OMFS IMPATH Research Group, Department of Imaging and Pathology, Faculty of Medicine, University of Leuven and Oral & Maxillofacial Surgery, University Hospitals Leuven, KU Leuven, Kapucijnenvoer 33, 3000, Leuven, Belgium.
Department of Dentistry, Faculty of Health Sciences, Campus Universitario Darcy Ribeiro, University of Brasília, Brasília, 70910-900, Brazil.
Clin Oral Investig. 2021 Apr;25(4):2257-2267. doi: 10.1007/s00784-020-03544-6. Epub 2020 Aug 26.
To evaluate the performance of a new artificial intelligence (AI)-driven tool for tooth detection and segmentation on panoramic radiographs.
In total, 153 radiographs were collected. A dentomaxillofacial radiologist labeled and segmented each tooth, serving as the ground truth. Class-agnostic crops with one tooth resulted in 3576 training teeth. The AI-driven tool combined two deep convolutional neural networks with expert refinement. Accuracy of the system to detect and segment teeth was the primary outcome, time analysis secondary. The Kruskal-Wallis test was used to evaluate differences of performance metrics among teeth groups and different devices and chi-square test to verify associations among the amount of corrections, presence of false positive and false negative, and crown and root parts of teeth with potential AI misinterpretations.

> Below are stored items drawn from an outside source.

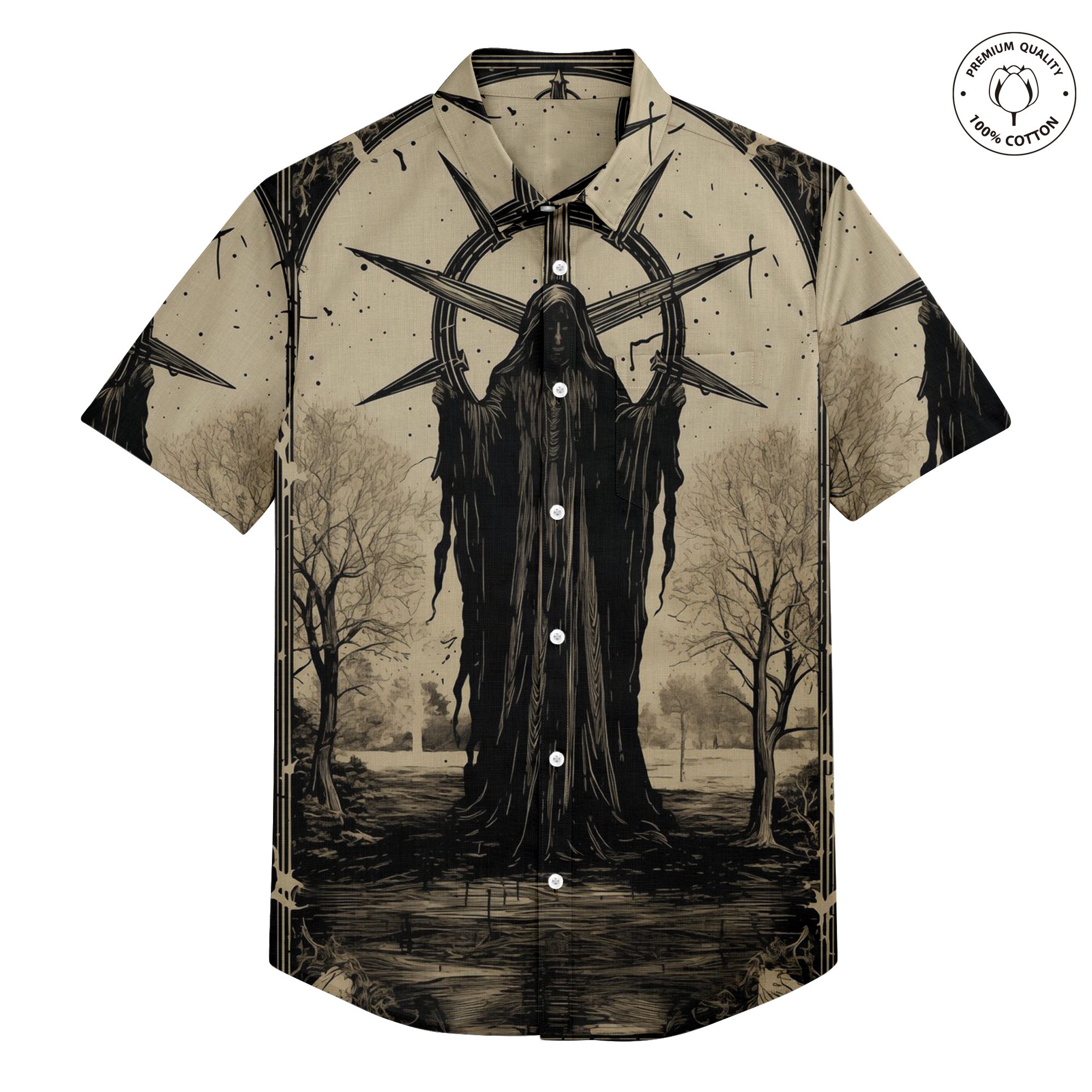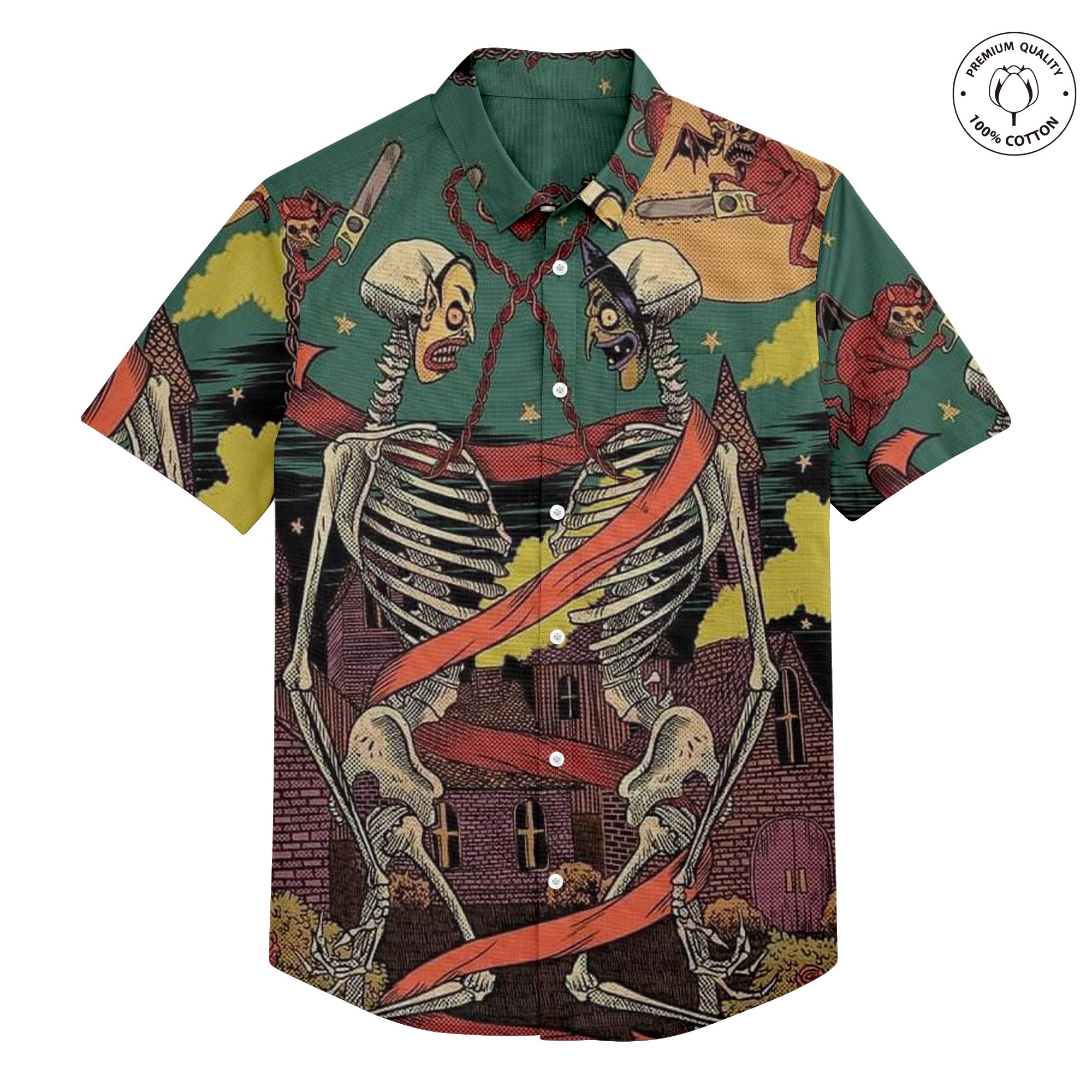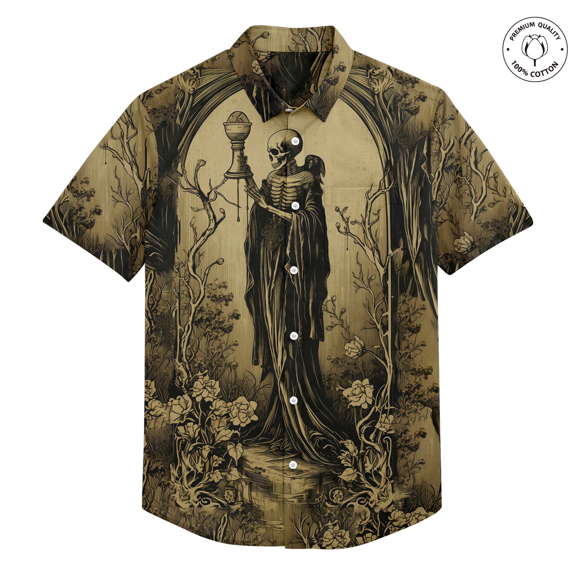 Men's 100% Cotton Skull Art Short Sleeve Shirt
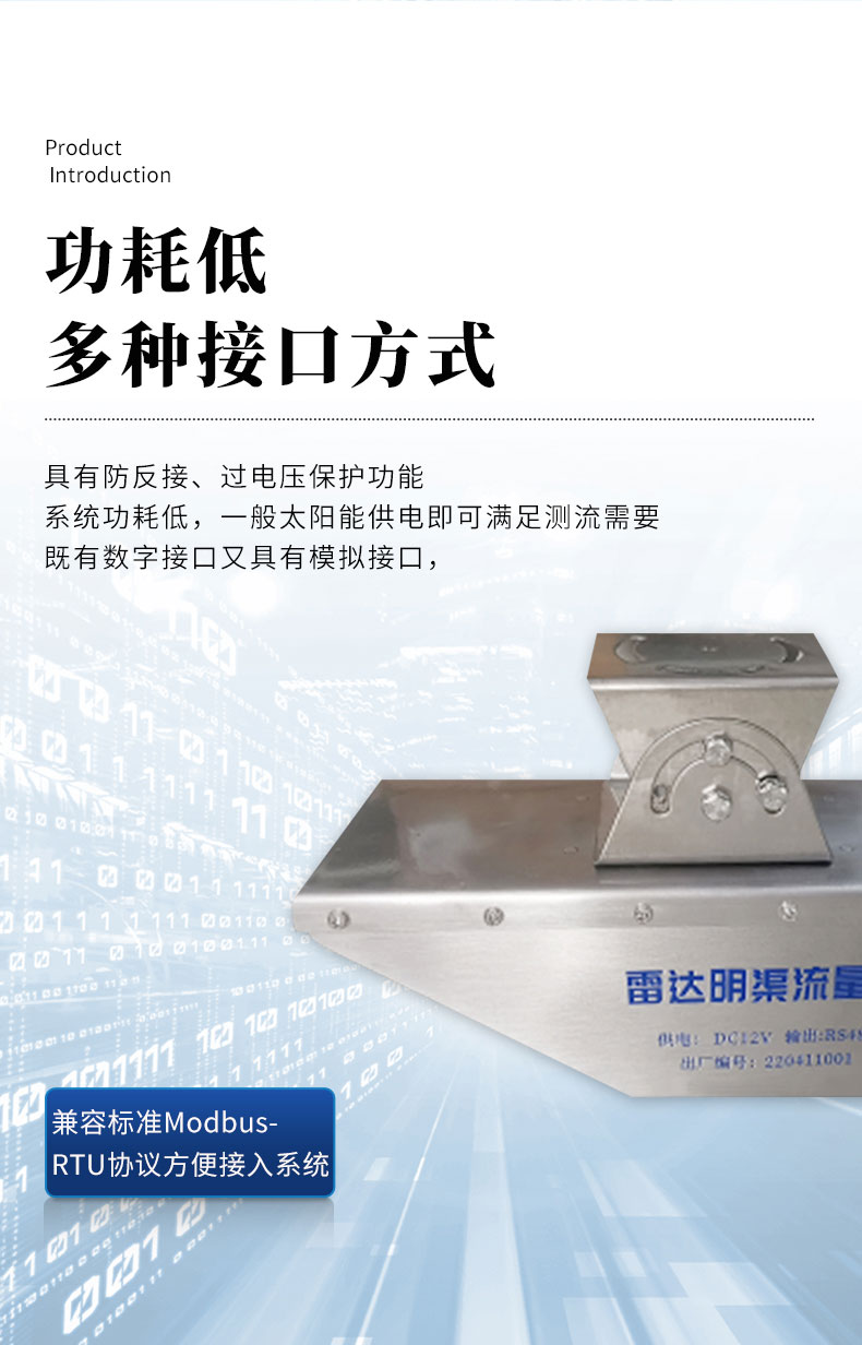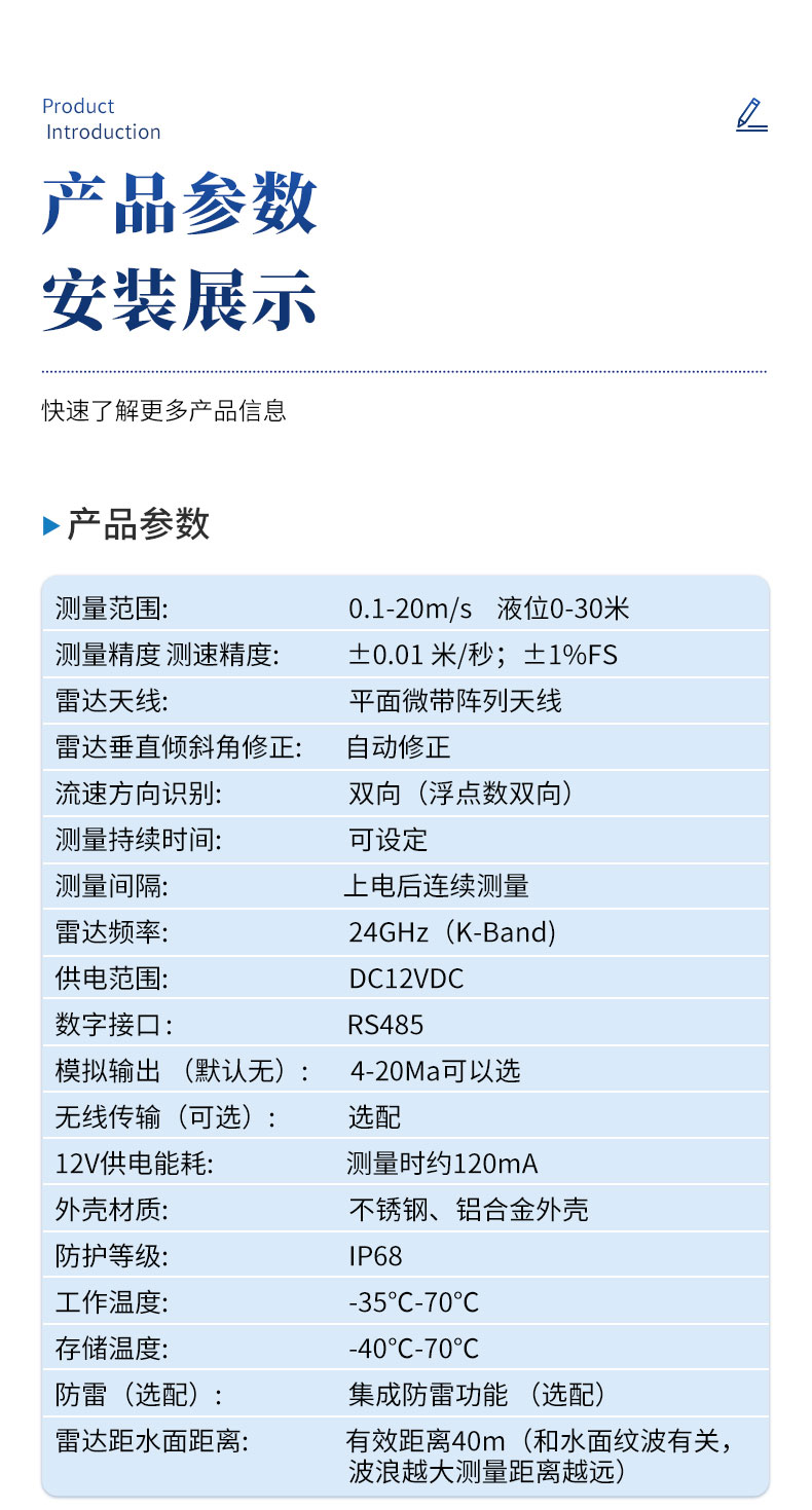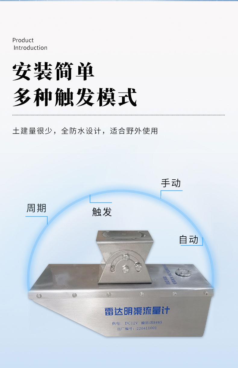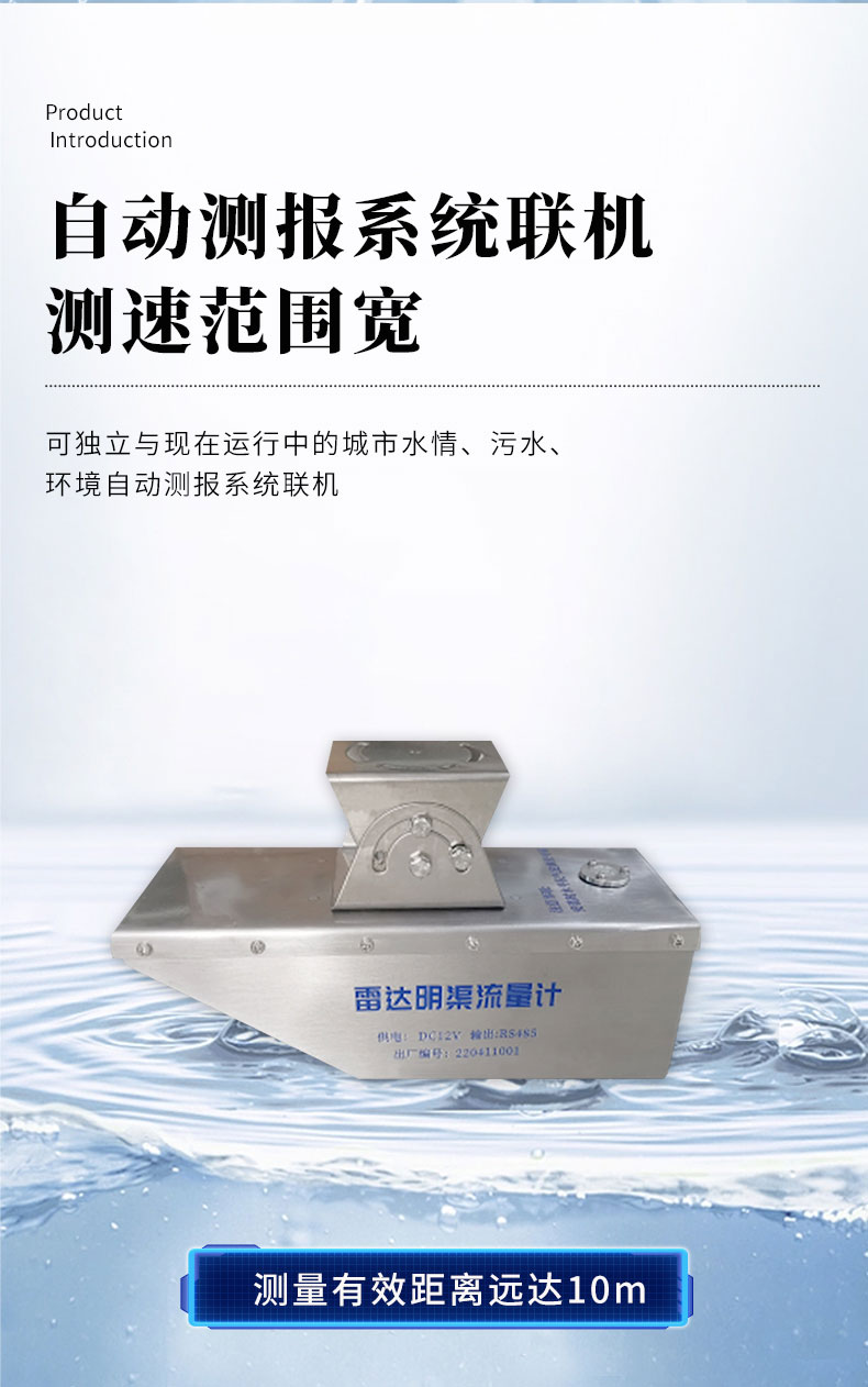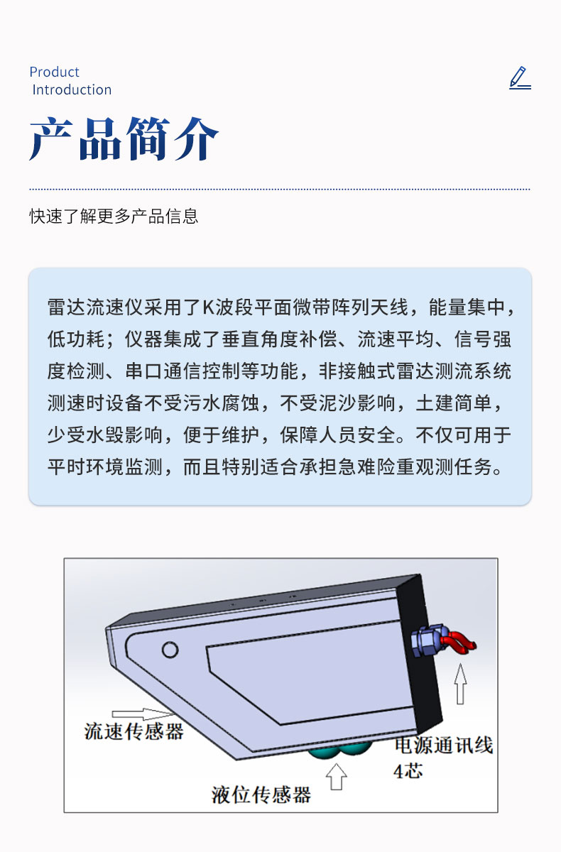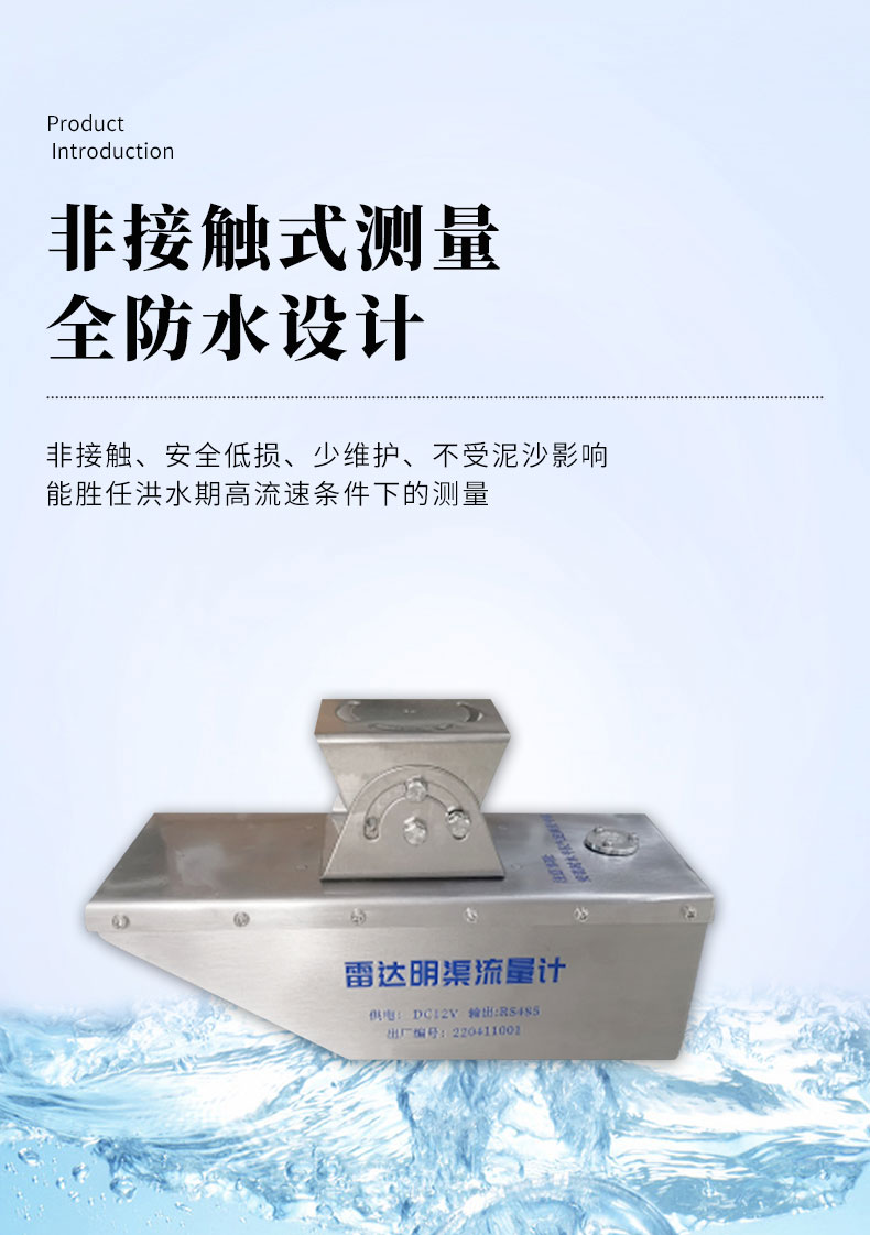 【产品简介】一、雷达流量计产品简介我司研发的雷达流量计采用了K波段平面微带阵列天线,能量集中,低功耗;仪器集成了垂直角度补偿、流速平均、信号强度检测、串口通信控制等功能,非接触式雷达测流系统测···
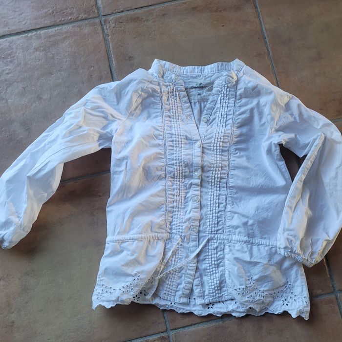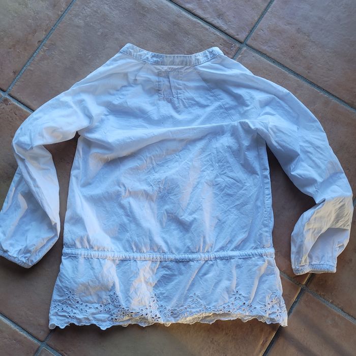 Chemise H&M 8-9 ans blanche. Broderie et broderies anglaise sur le bas. Lien au niveau de la ceinture. Finition manches élastiques. Très bon état. Envoi dans la journée en mondial relay ou chronoshop2shop.
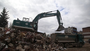 Hatay'ın Antakya ve Defne ilçelerinde hasarlı binaların yıkımlarına ve enkaz kaldırma çalışmalarına 30 mahallede devam ediliyor.
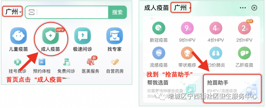 2、下载后,选择“广州”地区,点击 “成人疫苗” ,点击“抢苗助手”。
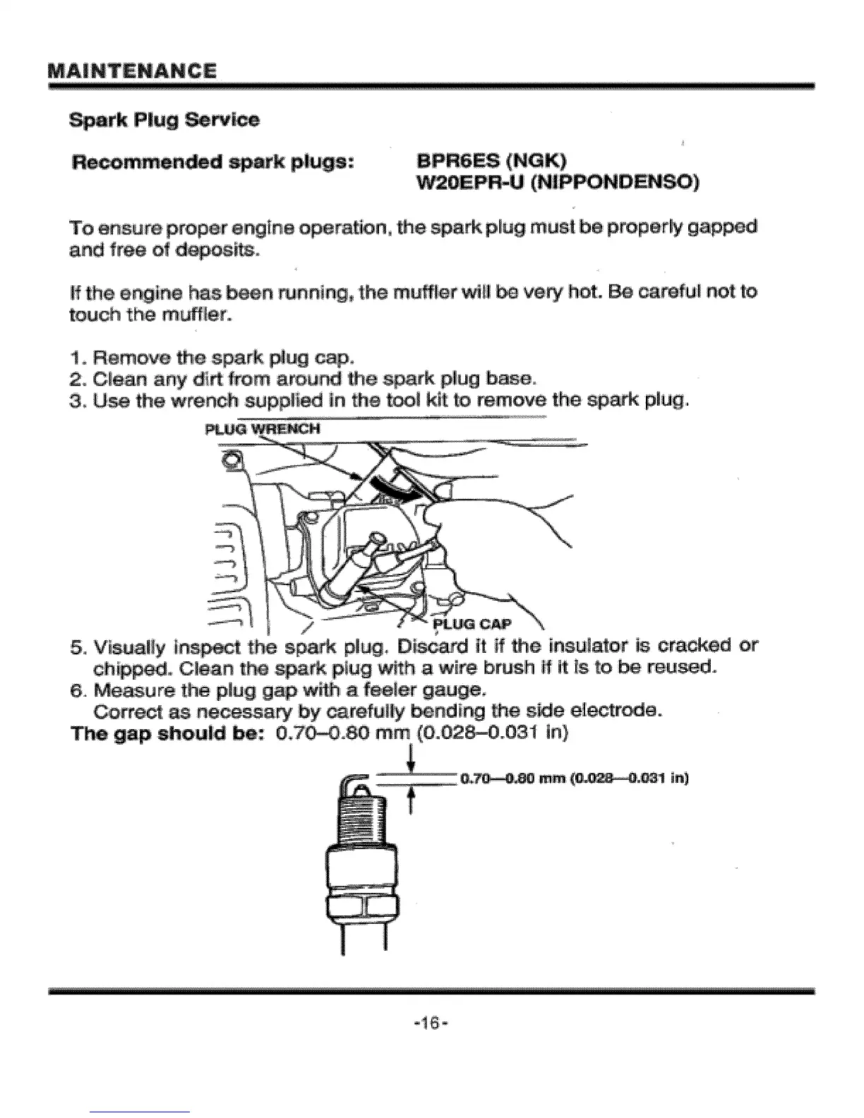 To ensure proper engine oper n° the _a,_ p_u@must be proper_ gapped

The system achieved a sensitivity of 98.9% and a precision of 99.6% for tooth detection. For segmenting teeth, lower canines presented best results with the following values for intersection over union, precision, recall, F1-score, and Hausdorff distances: 95.3%, 96.9%, 98.3%, 97.5%, and 7.9, respectively. Although still above 90%, segmentation results for both upper and lower molars were somewhat lower. The method showed a clinically significant reduction of 67% of the time consumed for the manual.
The AI tool yielded a highly accurate and fast performance for detecting and segmenting teeth, faster than the ground truth alone.
An innovative clinical AI-driven tool showed a faster and more accurate performance to detect and segment teeth on panoramic radiographs compared with manual segmentation.
评估一种新的人工智能(AI)驱动的工具在全景片上检测和分割牙齿的性能。
共采集了 153 张射线照片。一位口腔颌面放射科医生对每颗牙齿进行标记和分割,作为基准。生成的具有一个牙齿的无类别作物共有 3576 个训练牙齿。AI 驱动的工具结合了两个深度卷积神经网络和专家精修。系统检测和分割牙齿的准确性是主要结果,时间分析是次要结果。Kruskal-Wallis 检验用于评估不同牙齿组和不同设备之间的性能指标差异,卡方检验用于验证与潜在 AI 误判相关的校正量、假阳性和假阴性的存在、以及牙齿的冠和根部分之间的关系。
该系统在牙齿检测方面达到了 98.9%的灵敏度和 99.6%的精度。对于牙齿分割,下尖牙的结果最佳,其交并比、精度、召回率、F1 得分和 Hausdorff 距离分别为 95.3%、96.9%、98.3%、97.5%和 7.9。虽然仍然高于 90%,但上下磨牙的分割结果略低。该方法显著减少了 67%的手动分割时间。
AI 工具在检测和分割牙齿方面表现出高度准确和快速的性能,比基准单独使用更快。
一种创新的临床 AI 驱动工具在检测和分割全景片上的牙齿方面表现出比手动分割更快、更准确的性能。